Arturia dubia

Scientific classification
- Domain: Eukaryota
- Kingdom: Animalia
- Phylum: Porifera
- Class: Calcarea
- Order: Clathrinida
- Family: Clathrinidae
- Genus: Arturia
- Species: A. dubia
- Binomial name: Arturia dubia (Dendy, 1891)
- Synonyms: Clathrina dubia (Dendy, 1891) ; Leucosolenia dubia Dendy, 1891 ;

= Arturia dubia =

- Authority: (Dendy, 1891)

Species of sponge

Arturia dubia is a species of calcareous sponge in the genus Arturia from Australia. The species was first described as Leucosolenia dubia by Arthur Dendy in 1891. The name is derived from Dendy's uncertainty about the validity of the species, believing his specimens could, in fact, represent juvenile Leucosolenia cavata (now Ascaltis cavata).

==Description==
Cormus formed of irregular and loosely anastomosed tubes. There is no cortex but sometimes it appears that some of the tubes could be forming one. The wall of the tubes is thick, up to 100 μm. In some areas the tubes are hispid.

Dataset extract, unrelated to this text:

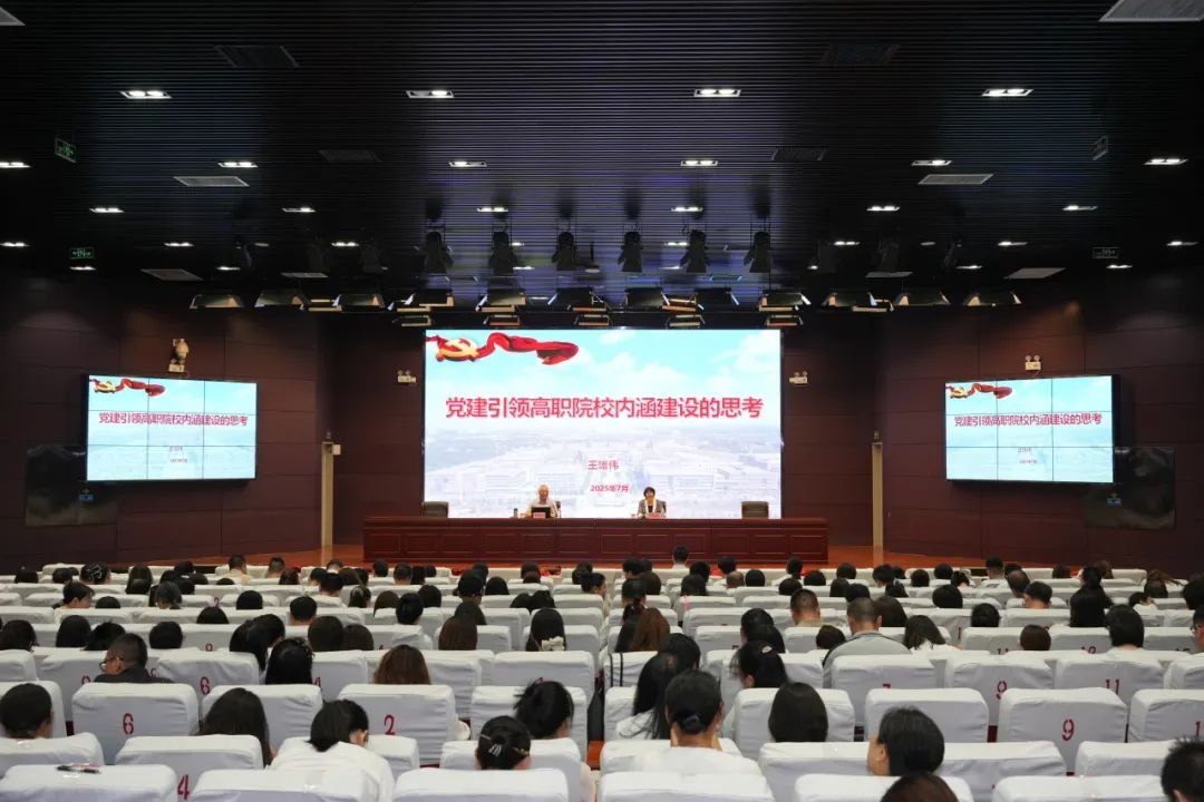 在第一阶段,王雄伟教授作了题为《党建引领高职院校内涵建设的思考》的报告,讲授了他关于高职院校党的建设的若干思考,突出强调高职院校党委要充分发挥领导核心和政治核心作用,针对学院在基层党建、高水平专业群建设、推动发展等工作中的难点、堵点,提出切实可行的建设思路与启示,同时也为学院的党建工作注入新的思路与动力。
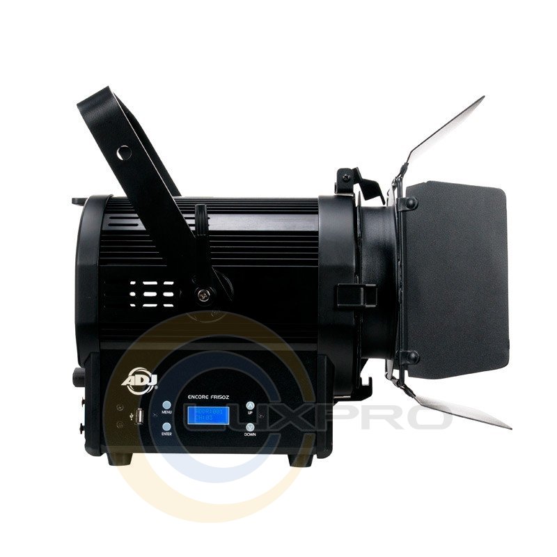 - Театральний прожектор FR150Z- Прожектор FR150Z формує широкий, м'який промінь білого світла (3000 К), призначений для сценічного освітлення та завдань театру. Модель постачається в комплекті зі шторками для регулювання розсіювання променя та ручним керуванням для зміни кута променя від 15 до 38 градусів. - Encore FR150Z укомплектований 4-кнопковим рідкокристалічним дисплей-меню, 3-контактними та 5-контактними вхідними/вихідними роз'ємами DMX та блокованими вхідним/вихідним роз'ємами живлення для послідовного підключення та живлення ряду пристроїв. - Характеристики:- Потужність приладу: 130 Вт;

Cells with yellow granules are present in the mesohyl, as are embryos, which are always found near choanocytes. The cells with yellow granules are distributed homogeneously, throughout the mesohyl.

The skeleton consists of equiangular and equiradiate triactines. Tetractines are also present, but they are rare. Actines are conical or cylindrical, but they always have sharp tips. Sometimes, they are slightly undulated. Diactines are abundant on the external tubes; they are curved or straight, vary in size and have sharp tips, one of which is club-shaped. The largest diactines are curved at the tip. They project through the surface in some parts of the cormus only, and the club-shaped portion of the spicule lies inside the tube.